I have dozens of great examples around me, mind you.
My parents are still married after a gazillion years, and I can honestly say they don’t stick with it for the financial benefits or out of habit. I’m lucky to watch them do their thing.
I have many friends who are happily married, too… however that looks for them.
Which could be a clue: it looks different for everyone.
Still, as with assembling IKEA furniture, watching it happen for years and years has brought me no closer to fathoming how it happens.
I don’t buy any of the old saws:
-
Love shows up when you least expect it.
Love shows up when you’re not looking for it.
Love is just a matter of finding that one person.
Love is a matter of putting yourself out there.
If love shows up when you least expect it, then a whole lot of people should be experiencing the romantic equivalent of Ed McMahon showing up on their doorstep pretty damn soon. Because they haven’t expected it in a while.
If love shows up when you’re not looking for it, well…. again… a lot of people should be getting startled by true love while showering or clipping their toenails or eating a large bag of chips and watching a stupid movie on TBS.
If love is a matter of finding that one person, we should really be rebounding off all the wrong people like reverse magnets, instead of living with them for years on end until everything melts down, and then spending another few years wondering what the hell we were doing in the first place.
If love is a matter of putting yourself out there, club kids and cougars would fall in love every day.
Then again, maybe they do.
Maybe it’s not that I don’t get love… I just don’t get how I love, or how love is going to look for me when I finally stumble onto it for real. So far, love has felt like a lot of making up for something I lack, or wondering what the other person was thinking, or trying to be everything for someone who didn’t really seem to need half of what I was, or feeling badly that they didn’t have this other person they’d wanted more. And then it felt like nothing.
That sounds bitter. I’m not sure it is, though. Just honest.
I know the things I lack, the stuff I don’t bring to the table. I am not the smartest, the prettiest, the thinnest, the funniest, the wisest, the most peaceful, the least conflicted, the healthiest, the most interesting. I don’t know who is, but it’s not me. And on a lot of levels, I have to be okay with that, because you can’t conjure qualities you don’t have out of thin air. All you can do is try.
But that’s so far from anything I imagine love is about.
Love isn’t about a matching system or a list of compatibilities. Half the couples I see walking around look as though they were randomly selected from a bowlful of people and attached at the hand. I’m sure they love one another, because you can see it, but there’s no obvious outward qualities that really make them make sense.
Which I love.
And which is also why I loathe eHarmony and resume dating and a good portion of the questions people ask one another when they first meet, because I could give you a list of things about me that would impress you, and I could make my life sound great, and I could tell you all the things I wanted in someone else and maybe you would go, “Awesome! Me too!”
Would we really know anything, though? Would we be compatible, or would our fantasies just enjoy going on a date? Would you know the things about me that are actually lovely?

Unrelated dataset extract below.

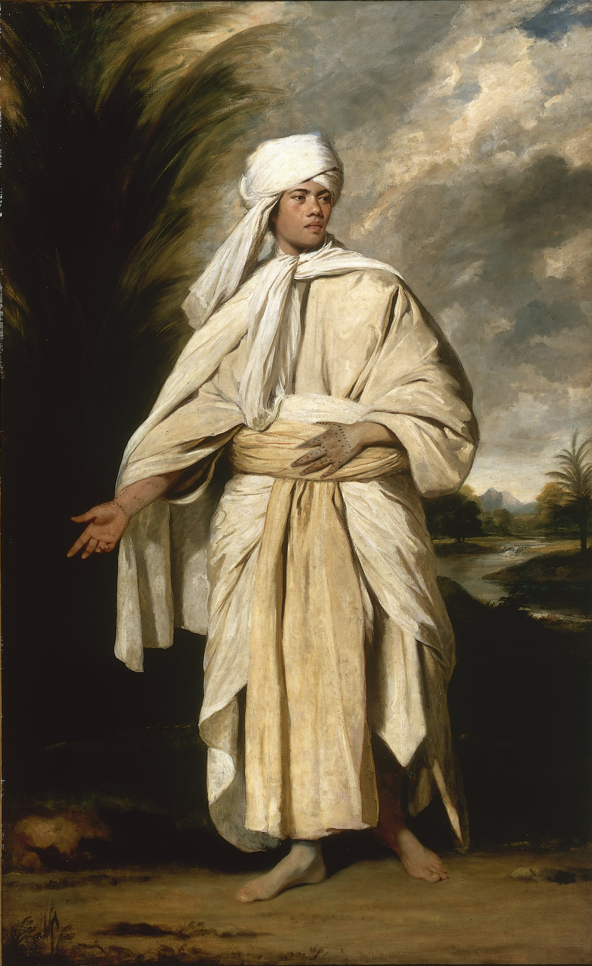 Portrait of Omai, a South Sea Islander who travelled to England with the second expedition of captain Cook
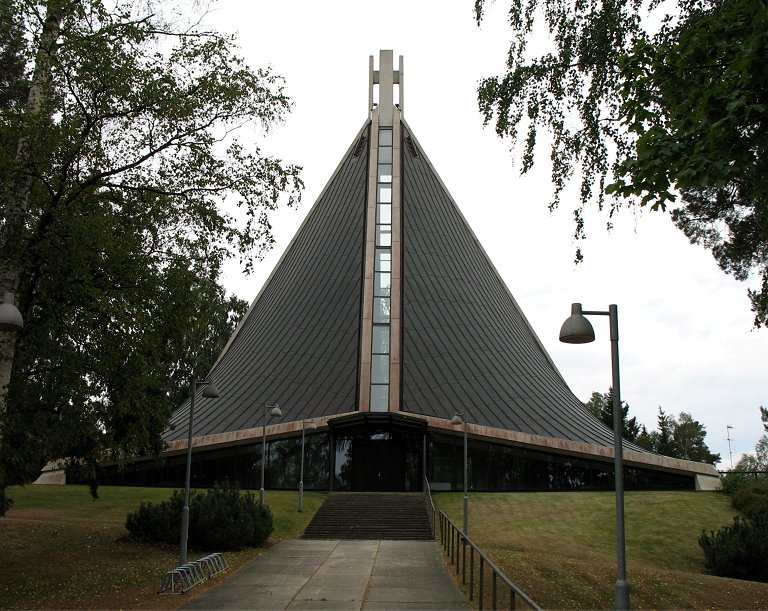 Kannelmäki Church, situated in the Kannelmäki district of Helsinki, Finland. The church was designed by architects Marjatta and Martti Jaatinen, and built in 1967–1968.

Will it matter to you in thirty years that I can play a mean round of poker and I enjoy the outdoors and I can cook you a meal that will make your eyes roll back in your head and I wear excellent perfume and can flirt like a demon when I try?
Or will it matter more that I can forgive in a heartbeat and will scratch your back when you’re tense and I laugh at even the most stupid jokes and I will think you are beautiful even when you’re not? (Oh… and I’ll be nice to your mom.)
I really don’t know.
Where does love actually begin?
Is friendship based on chemistry where it starts?
Or is sex that turns into genuine like for the other person where it starts?
Is chemistry important at all? It has to be, I think, but how important?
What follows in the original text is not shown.